What is expected ::
Keep the pictures out. Write out every line of the listing exactly.

Supplied data ::
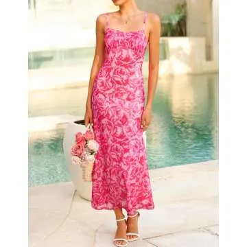 Show more This stunning ZESICA Womens Summer Floral Spaghetti Straps Maxi Dress is a must-have addition to your summer wardrobe. Crafted from lightweight and breathable fabric, this dress ensures you stay comfortable while exuding style on sunny days. Featuring a chic floral print, this sleeveless, backless dress is designed with spaghetti straps and a ruffle hem, showcasing a flattering slim fit that highlights your silhouette. Made for the modern woman, each detail of this dress reflects vitality and charm, making every summer occasion a bit more special.
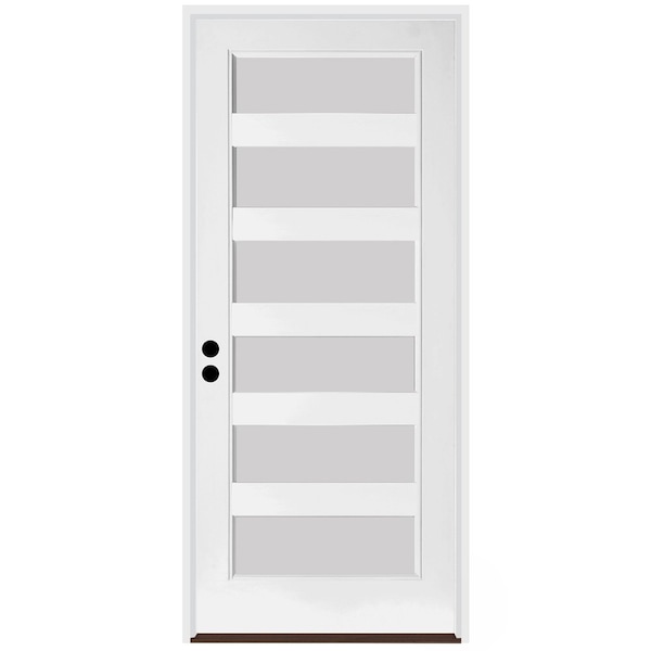 CODEL Doors' Fiberglass Front Doors are built to last and our contemporary door can add substanial curb appeal to your home. This smooth flush contemporary door with 5-lites of glass . The fiberglass doors are virtually maintenance free and won't dent, warp rot, or split. Our premium prehung door unit almost eliminates air and water inflitration with a variety of premium features. Door comes primed and ready to paint any color to match your home's style.
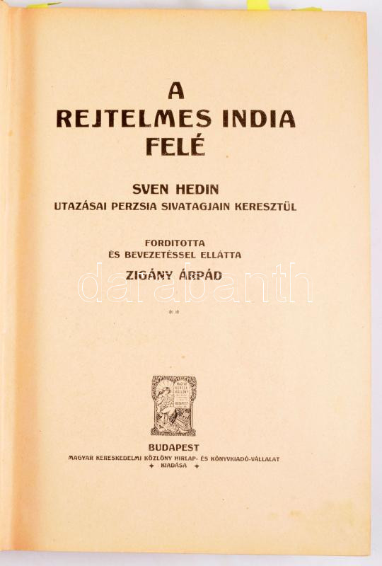 Hedin, Sven: A rejtelmes India felé. Sven Hedin utazása Perzsia sivatagjain keresztül. Ford. és bevezetéssel ellátta Zigány Árpád. I-II. kötet. [Teljes.]

Answer to this task ::
 Show more This stunning ZESICA Womens Summer Floral Spaghetti Straps Maxi Dress is a must-have addition to your summer wardrobe. Crafted from lightweight and breathable fabric, this dress ensures you stay comfortable while exuding style on sunny days. Featuring a chic floral print, this sleeveless, backless dress is designed with spaghetti straps and a ruffle hem, showcasing a flattering slim fit that highlights your silhouette. Made for the modern woman, each detail of this dress reflects vitality and charm, making every summer occasion a bit more special.
 CODEL Doors' Fiberglass Front Doors are built to last and our contemporary door can add substanial curb appeal to your home. This smooth flush contemporary door with 5-lites of glass . The fiberglass doors are virtually maintenance free and won't dent, warp rot, or split. Our premium prehung door unit almost eliminates air and water inflitration with a variety of premium features. Door comes primed and ready to paint any color to match your home's style.
 Hedin, Sven: A rejtelmes India felé. Sven Hedin utazása Perzsia sivatagjain keresztül. Ford. és bevezetéssel ellátta Zigány Árpád. I-II. kötet. [Teljes.]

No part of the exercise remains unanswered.